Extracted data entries
BEGIN
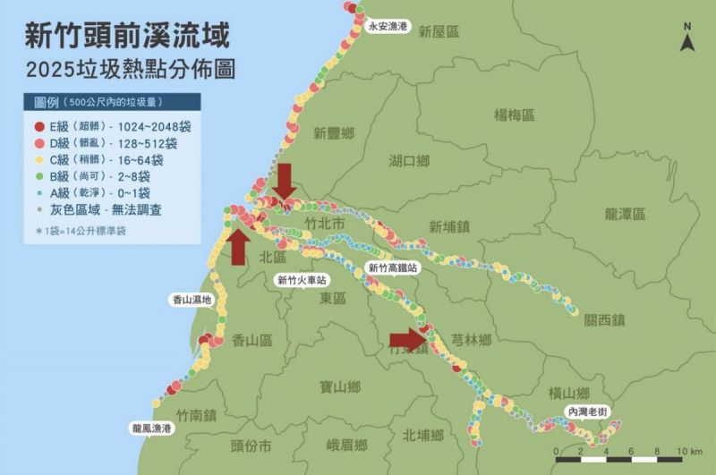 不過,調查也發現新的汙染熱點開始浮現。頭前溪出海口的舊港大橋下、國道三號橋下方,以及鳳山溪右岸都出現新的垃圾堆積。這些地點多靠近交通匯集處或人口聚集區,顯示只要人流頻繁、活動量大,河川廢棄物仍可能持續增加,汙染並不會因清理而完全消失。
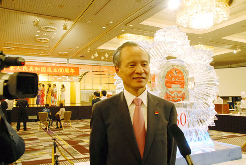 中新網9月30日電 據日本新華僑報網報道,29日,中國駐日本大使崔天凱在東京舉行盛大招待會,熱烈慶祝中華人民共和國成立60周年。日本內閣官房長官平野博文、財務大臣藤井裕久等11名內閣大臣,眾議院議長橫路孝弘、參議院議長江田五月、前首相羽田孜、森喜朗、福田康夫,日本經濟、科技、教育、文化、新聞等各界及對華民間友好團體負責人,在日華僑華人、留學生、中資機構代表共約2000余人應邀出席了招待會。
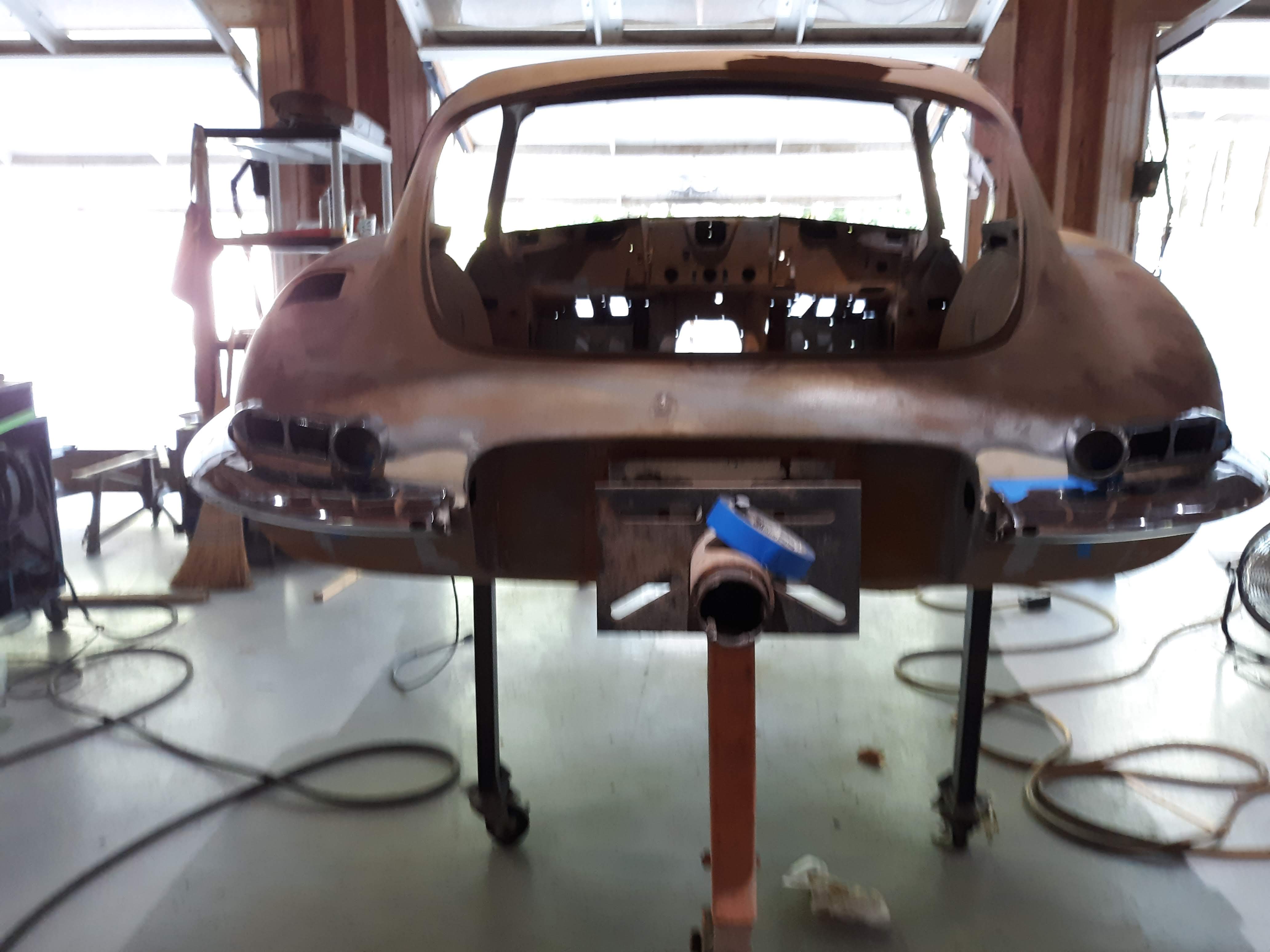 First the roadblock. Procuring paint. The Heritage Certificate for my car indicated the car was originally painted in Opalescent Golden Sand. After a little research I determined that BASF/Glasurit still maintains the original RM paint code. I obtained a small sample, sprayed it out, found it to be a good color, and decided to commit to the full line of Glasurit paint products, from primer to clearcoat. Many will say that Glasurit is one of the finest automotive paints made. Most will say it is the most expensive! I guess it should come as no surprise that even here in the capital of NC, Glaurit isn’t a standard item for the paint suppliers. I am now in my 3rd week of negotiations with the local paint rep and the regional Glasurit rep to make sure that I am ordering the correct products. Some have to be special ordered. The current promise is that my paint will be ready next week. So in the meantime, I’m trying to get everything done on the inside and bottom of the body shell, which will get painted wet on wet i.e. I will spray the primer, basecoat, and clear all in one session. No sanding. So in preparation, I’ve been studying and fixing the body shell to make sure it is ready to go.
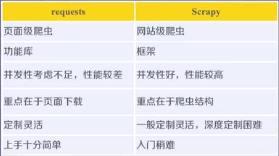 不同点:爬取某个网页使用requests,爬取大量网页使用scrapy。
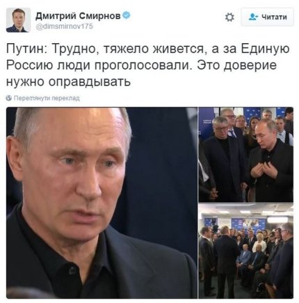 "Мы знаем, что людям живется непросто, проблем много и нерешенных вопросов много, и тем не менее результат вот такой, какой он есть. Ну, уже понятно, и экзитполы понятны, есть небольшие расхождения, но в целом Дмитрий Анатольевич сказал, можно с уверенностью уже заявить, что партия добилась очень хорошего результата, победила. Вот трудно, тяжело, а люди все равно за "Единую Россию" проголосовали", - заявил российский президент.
END
Every entry above is to be transcribed exactly, with all pictures left out.

 不過,調查也發現新的汙染熱點開始浮現。頭前溪出海口的舊港大橋下、國道三號橋下方,以及鳳山溪右岸都出現新的垃圾堆積。這些地點多靠近交通匯集處或人口聚集區,顯示只要人流頻繁、活動量大,河川廢棄物仍可能持續增加,汙染並不會因清理而完全消失。
 中新網9月30日電 據日本新華僑報網報道,29日,中國駐日本大使崔天凱在東京舉行盛大招待會,熱烈慶祝中華人民共和國成立60周年。日本內閣官房長官平野博文、財務大臣藤井裕久等11名內閣大臣,眾議院議長橫路孝弘、參議院議長江田五月、前首相羽田孜、森喜朗、福田康夫,日本經濟、科技、教育、文化、新聞等各界及對華民間友好團體負責人,在日華僑華人、留學生、中資機構代表共約2000余人應邀出席了招待會。
 First the roadblock. Procuring paint. The Heritage Certificate for my car indicated the car was originally painted in Opalescent Golden Sand. After a little research I determined that BASF/Glasurit still maintains the original RM paint code. I obtained a small sample, sprayed it out, found it to be a good color, and decided to commit to the full line of Glasurit paint products, from primer to clearcoat. Many will say that Glasurit is one of the finest automotive paints made. Most will say it is the most expensive! I guess it should come as no surprise that even here in the capital of NC, Glaurit isn’t a standard item for the paint suppliers. I am now in my 3rd week of negotiations with the local paint rep and the regional Glasurit rep to make sure that I am ordering the correct products. Some have to be special ordered. The current promise is that my paint will be ready next week. So in the meantime, I’m trying to get everything done on the inside and bottom of the body shell, which will get painted wet on wet i.e. I will spray the primer, basecoat, and clear all in one session. No sanding. So in preparation, I’ve been studying and fixing the body shell to make sure it is ready to go.
 不同点:爬取某个网页使用requests,爬取大量网页使用scrapy。
 "Мы знаем, что людям живется непросто, проблем много и нерешенных вопросов много, и тем не менее результат вот такой, какой он есть. Ну, уже понятно, и экзитполы понятны, есть небольшие расхождения, но в целом Дмитрий Анатольевич сказал, можно с уверенностью уже заявить, что партия добилась очень хорошего результата, победила. Вот трудно, тяжело, а люди все равно за "Единую Россию" проголосовали", - заявил российский президент.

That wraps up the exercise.